If Client and SecurityPal have executed a written agreement governing Client’s access to and use of the Services as a SecurityPal client, then the terms of such signed agreement will govern and will supersede this Agreement.
SecurityPal and Client agree as follows:
Definitions. In addition to capitalized terms defined elsewhere in this Agreement, the following terms shall have the meanings set forth below:
- “Affiliates” means an entity that Controls, is Controlled by, or is under common Control with the subject entity.
- “Aggregated Anonymous Data” means aggregated and anonymized data and information derived from Client Data used by SecurityPal for internal business purposes including to provide, develop and improve the Software and Services. Aggregated Anonymous Data is not Client Data and do not consist of Personal Data (as defined in the DPA).
- “Client Data” means any information and/or data (e.g., Security Questionnaires, Client answers and libraries) provided or transferred to SecurityPal by Client via the Services or Software.
- “Completed Security Questionnaires” means Security Questionnaires that have been completed by SecurityPal via the Software and Services subject to the Service Level set forth in the Order Form.
- “Confidential Information” means information disclosed by or on behalf of one party (as discloser) to the other party (as recipient) under this Agreement, in any form, which: (i) the discloser identifies to recipient as “confidential” or “proprietary;” or (ii) should be reasonably understood as confidential or proprietary due to its nature and the circumstances of its disclosure. SecurityPal’s Confidential Information includes technical or performance information about the Services and the Software, and Client’s Confidential Information includes Client Data. Information on an Order Form is each party’s Confidential Information.
- “Control” for means direct or indirect ownership of control of more than 50% of the voting interests of the subject entity.
- “Documentation” means the written or online user manuals, help files, specification sheets, or other documentation regarding the Software and the Services made available to Client by SecurityPal.
- “DPA” means SecurityPal’s Data Processing Agreement available at: https://www.securitypalhq.com/dpa.
- “Order Form” means each written order or online order specifying the Services to be provided under this Agreement and applicable fees, that is executed in writing between Client and SecurityPal.
- “Security Protocols” means SecurityPal’s technical and organizational security measures set forth within Annex II to the DPA.
- “Security Questionnaire” means a document in any form (e.g., a questionnaire) issued by a third party to Client that requires Client to answer specific questions about Client’s internal security technical and organizational measures.
- “Security Questionnaire Service Level” has the meaning set forth in the Order Form.
- “Service(s)” means SecurityPal’s proprietary cloud software and other services identified in an Order Form and as modified from time to time by SecurityPal.

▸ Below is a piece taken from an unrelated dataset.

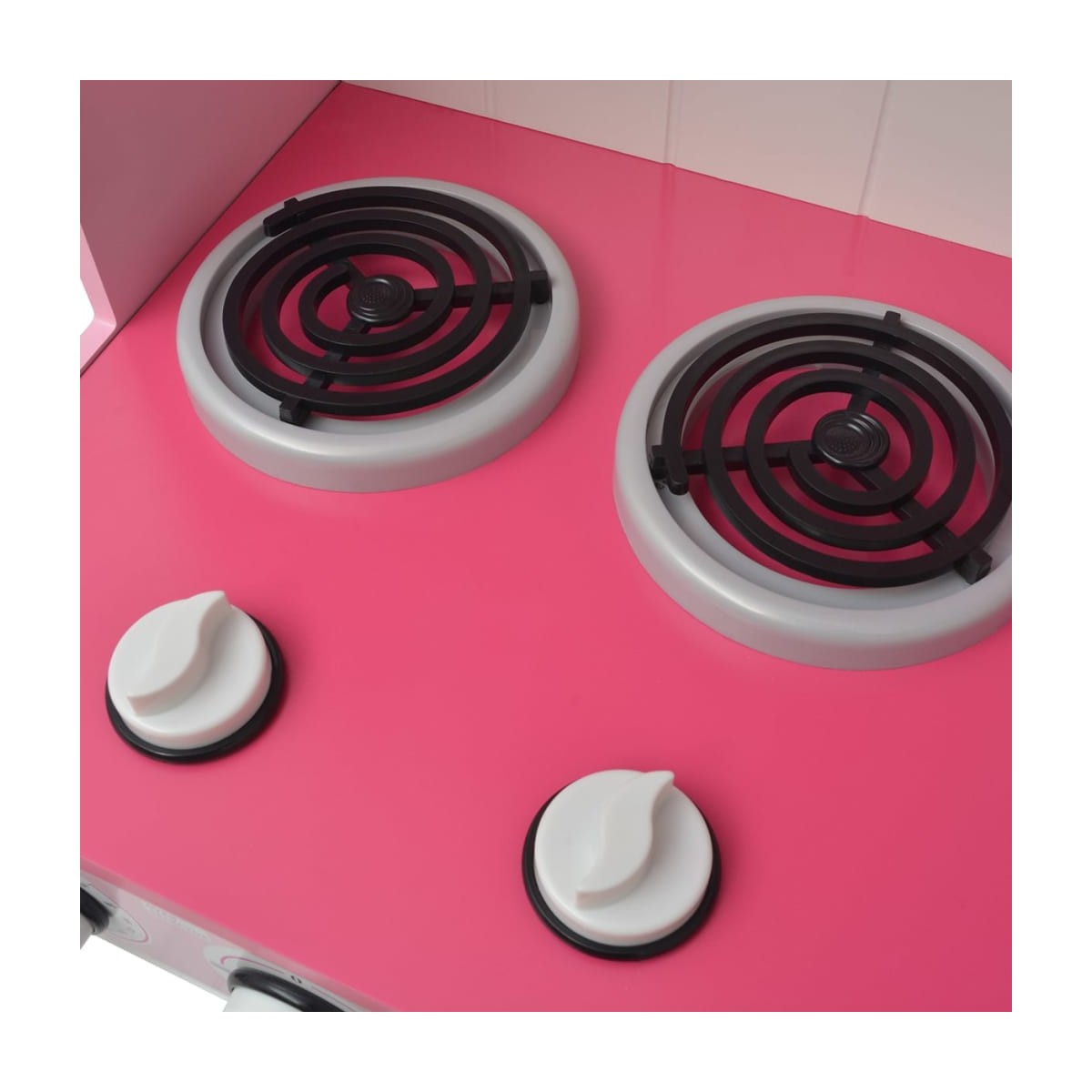 ¡Tus niños disfrutarán de horas de juego imaginativo con esta cocina divertida y duradera! Esta cocina de juguete adorable y fácil de montar está hecha de MDF y madera de pino y ha sido bellamente diseñada. Las ventanas con cortinas, sus colores vivos y su aspecto tradicional hacen que la cocina parezca real. Tiene un grifo con fregadero y botones de horno con un clic, lo que hace que la experiencia de cocinar sea más realista. La hornilla tienen 2 botones giratorios que le permiten a su pequeño chef ajustar la temperatura. Dos amplios armarios y un estante de dos niveles brindan amplio espacio de almacenamiento. Un reloj con manecillas móviles adorna la puerta del mueble superior, un horno con 2 compartimentos y un microondas en la parte superior completan los aparatos de cocina. A sus hijos no sólo les encantará jugar con esta cocina de juguete, sino que también les ayudará a desarrollar de manera lúdica la comunicación y las habilidades sociales.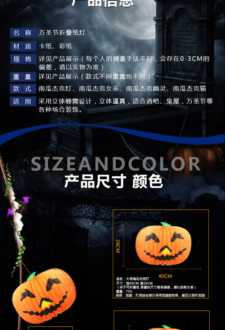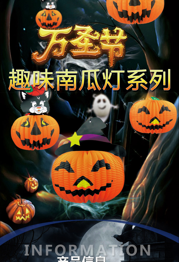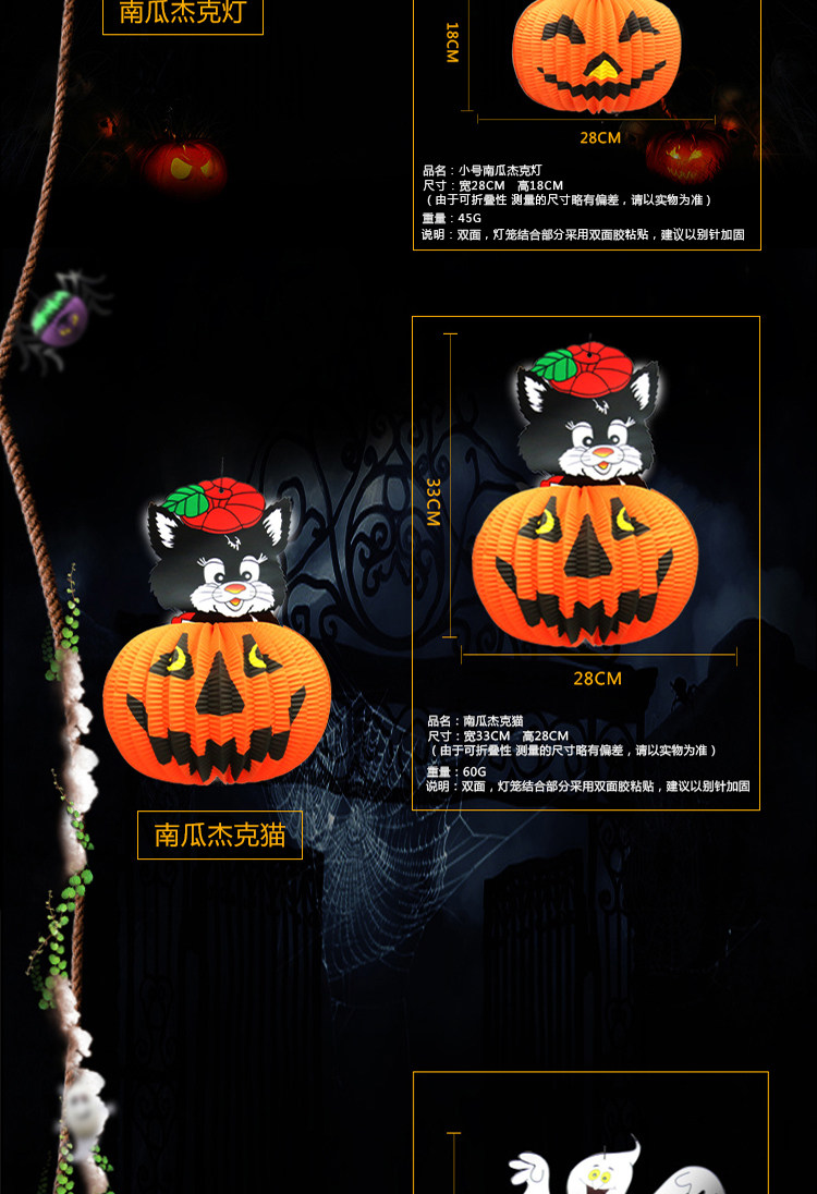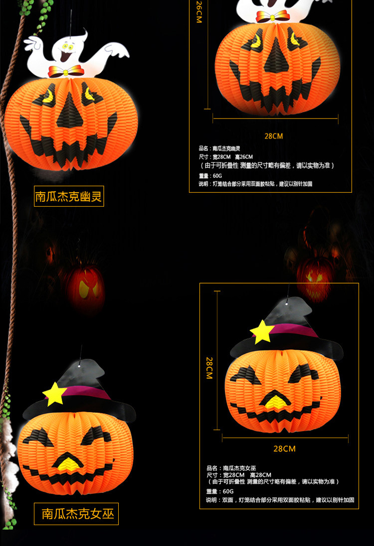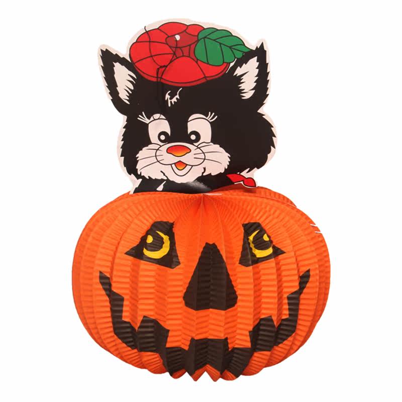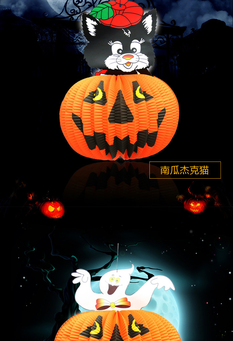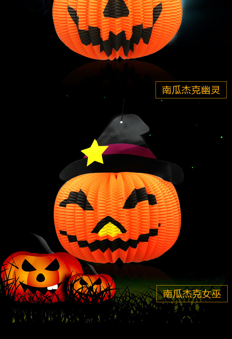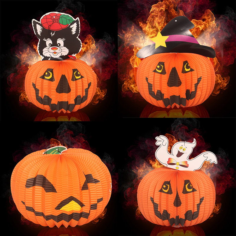 梳宝斋 Товары для украшения Хэллоуина, реквизит, фонарики из тыквы, композиции на Хэллоуин, портативные потолочные бумажные фонарики из тыквы

The Services include human resources, the Software and Documentation but not any third-party products.
- “Software” means the software that SecurityPal develops and maintains in order to provide the Services, and all modifications, updates, upgrades thereto and derivative works thereof.

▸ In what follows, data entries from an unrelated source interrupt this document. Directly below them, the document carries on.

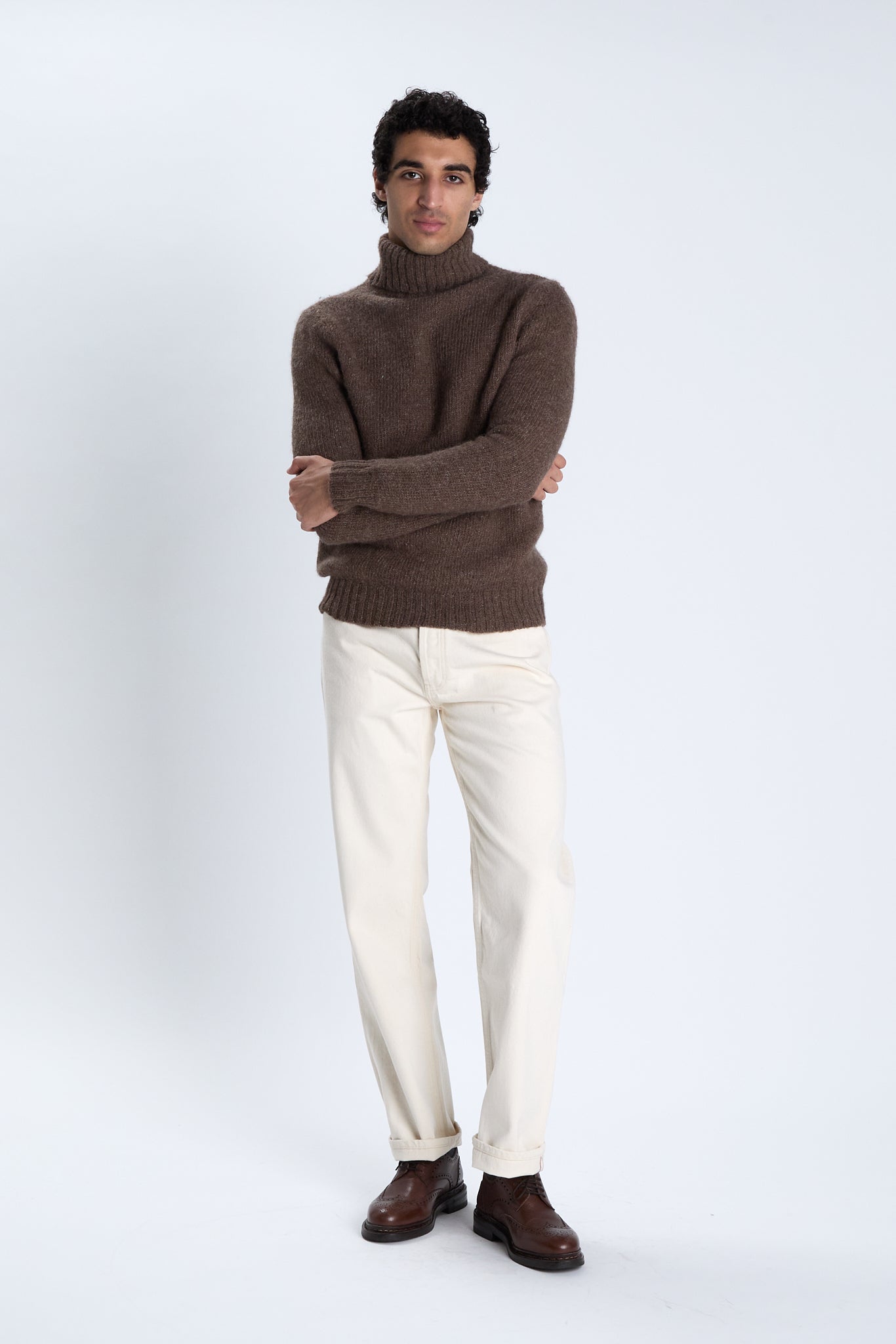 Et c’est au tricoteur italien Visconti que nous devons la touche finale : un brossage sur une machine vintage qui soulève et tire délicatement les fibres, après un lavage qui stabilise la maille et l’assouplit, pour obtenir l’effet shaggy le plus doux qu’on ait pu toucher.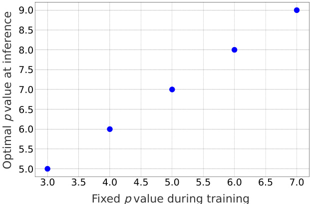图 3: 推理时的最优 $p$ 值 (y轴所示) 与DELG训练期间固定GeM池化 $p$ 值的对应关系。我们观察到,推理阶段的最优 $p$ 值始终大于训练时采用的固定 $p$ 值。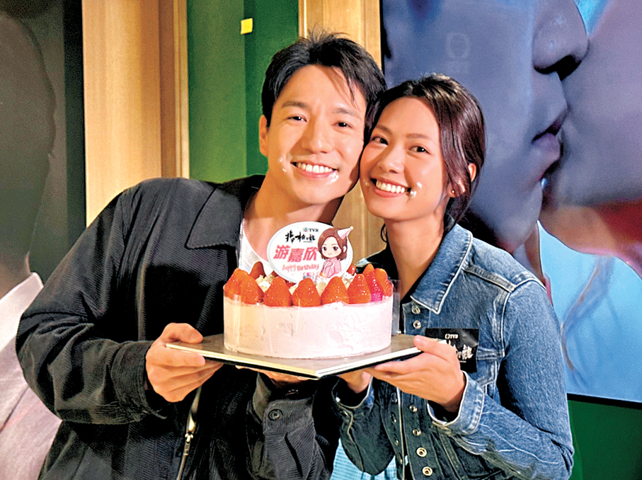 香港文匯報訊(記者 子棠)馬德鐘、賴慰玲、吳偉豪、陳煒、游嘉欣及陳曉華主演的劇集《非常檢控觀》前晚開播,監製林志華親率眾演員飯聚齊齊看首播,還搞驚喜慶生!適逢昨日是游嘉欣26歲正日生辰,眾人起哄要求劇中被游嘉欣「猴擒」的吳偉豪獻吻,場面熱鬧又搞笑!

- “Subscription Term” means the period of time specified in an Order Form.
- “Support Terms” means support terms for the Software as set forth in Section 2(a)(iii) below.
- “Users” means anyone that Client allows to use its accounts for the Services, who may include: (a) employees, advisors and contractors of Client and its Affiliates; and (b) others if permitted in this Agreement, the Documentation or an Order Form.

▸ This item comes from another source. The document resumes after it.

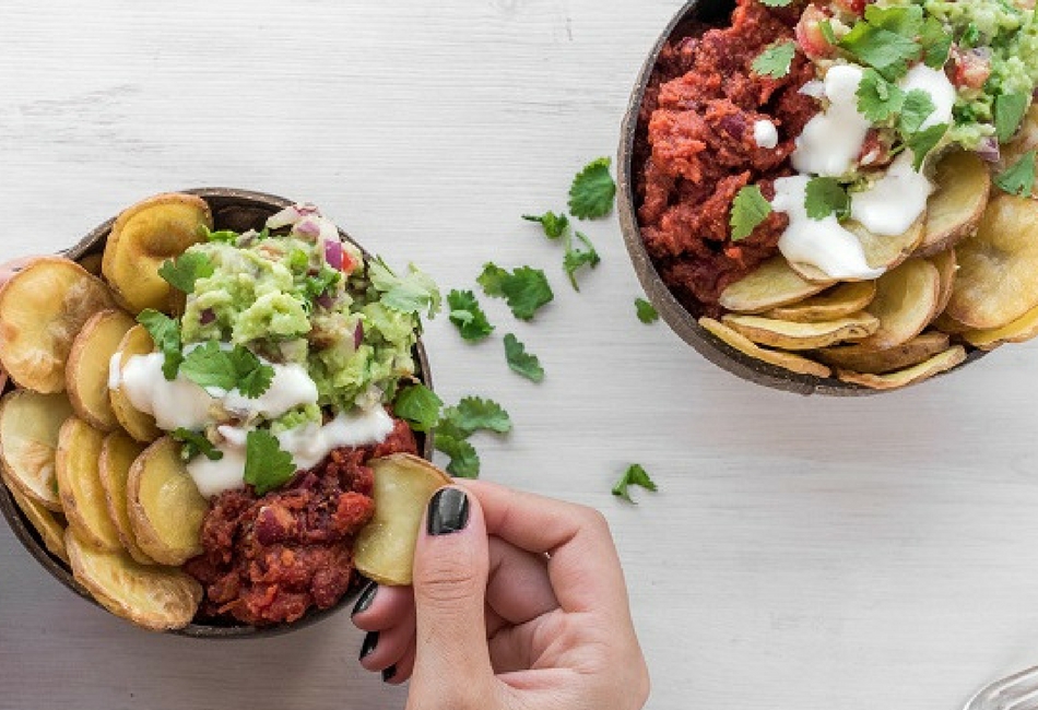 Układamy w miseczkach upieczone ziemniaczki, chili, guakamole i śmietanę. Posypujemy świeżą kolendrą. Danie gotowe.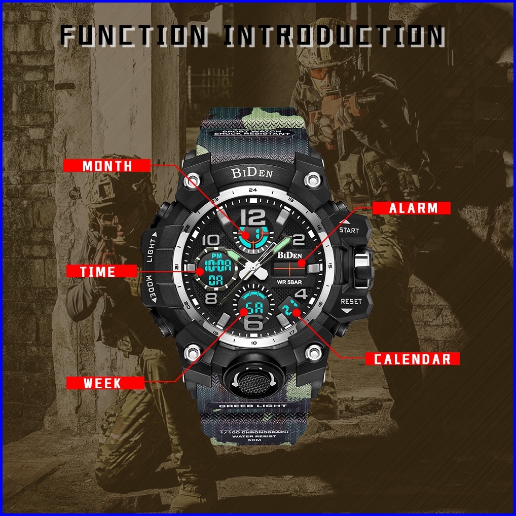 Biden Jam Tangan Pria Militer Olahraga Digital Analog Tali Silikon Anti Air Jam Tangan Cowok Original

Services. SecurityPal Obligations in the Services. SecurityPal will:
- Perform the Services to create Completed Security Questionnaires in accordance with the Security Questionnaire Service Levels, and up to the number, specified in the Order Form;
- Make the Software available to Client under the terms of this Agreement and as set forth in the applicable Order Form(s) and Documentation; and
- Unless stated otherwise in the applicable Order Form, if Client experiences any errors, bugs, or other issues in its use of the Software and/or Services, SecurityPal will use commercially reasonable efforts to respond as soon as possible (“Support”) in order to resolve the issue or provide a suitable workaround. The fee for Support is included in the cost of the subscription set forth on the Order Form. Client will send any Support requests to SecurityPal via email (to: email@example.com, firstname.lastname@example.org, via Slack or live meeting as specified in the Documentation).
- Client’s Right to Use the Software. During the Term, SecurityPal grants Client a limited, non-exclusive, non-transferable, non-sublicensable, license to: (i) access and use the Software solely for Client’s internal use for up to the number of Users identified on the Order Form; and (ii) use the Documentation for Client’s internal use in connection with the Software.
- Software License Restrictions. Client will not (and will not allow any third party to): (i) use or access the Software for any competitive purposes, including to benchmark or penetration test the Software, without SecurityPal’s express written consent; (ii) market, sublicense, resell, lease, loan, transfer, or otherwise commercially exploit or make the Software available to any third party, except to its Users or a third party that manages Client’s computing environment; (iii) modify, create derivative works, decompile, reverse engineer, attempt to gain access to the source code, or copy the Software, or any of their components; (iv) use or access the Software to submit or transmit any computer viruses, worms, defects, Trojan horses or other items of a destructive nature or to send any commercial solicitation or spam (whether commercial in nature or not); or (v) exploit the Software in any unauthorized way whatsoever, including by trespass or burden (e.g., transmitting corrupted files, spyware, adware, or any other software or programs) or deploying spiders, web-bots, screen-scrapers, or web crawlers, that may damage or adversely affect server or network capacity or Software infrastructure (each, a “License Restriction(s)”).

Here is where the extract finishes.